Koca, sağlık turizminde 2023 yılı hedefleri doğrultusunda 1 milyon 500 bin sağlık turistine Türkiye'de sağlık hizmeti sunulmasını amaçladıklarını bildirerek, "10 milyar dolar Medikal turizmi geliri elde etmek, sağlık turizminde dünyada ilk sıralarda yer almak, sağlık turizmi alanında ülkemizi marka haline getirmektir." diye konuştu.
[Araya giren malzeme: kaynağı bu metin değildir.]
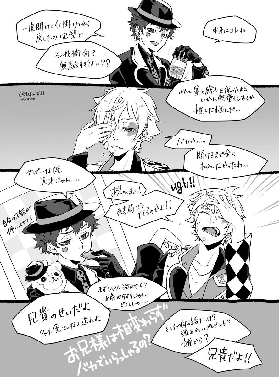 ざっくりですがタイミング逃したくないので急いで描いたトラポ。 前回のバラの花を赤く塗るだけのお話から繋がっているかも知れない。 #altoのトラッポラ兄弟_仮 #altoのクロスオーバー

Sağlık Bakanlığı merkez ve taşra teşkilatının yanı sıra, bağlı ve ilgili kuruluşlarının 2019 yılı bütçesi hakkında bilgi veren Koca, "Merkezi Yönetim Bütçemiz içinde bulunduğumuz 2018 yılı için 37 milyar 914 milyon TL iken, 2019 için yüzde 28,7 artışla 48 milyar 783 milyon TL olarak planlanmaktadır. Bakanlığımızın ve bağlı kuruluşlarımızın toplam bütçe dağılımına bakacak olursak, döner sermaye bütçesi dahil Sağlık Bakanlığı 96 milyar 137 milyon, bağlı ve ilgili kuruluşlar olan Türkiye Hudut ve Sahiller Sağlık Genel Müdürlüğünün 139 milyon, Türkiye İlaç ve Tıbbi Cihaz Kurumunun 157 milyon, Türkiye Sağlık Enstitüleri Başkanlığının 50 milyon TL olarak planlandığını görmekteyiz." ifadesini kullandı.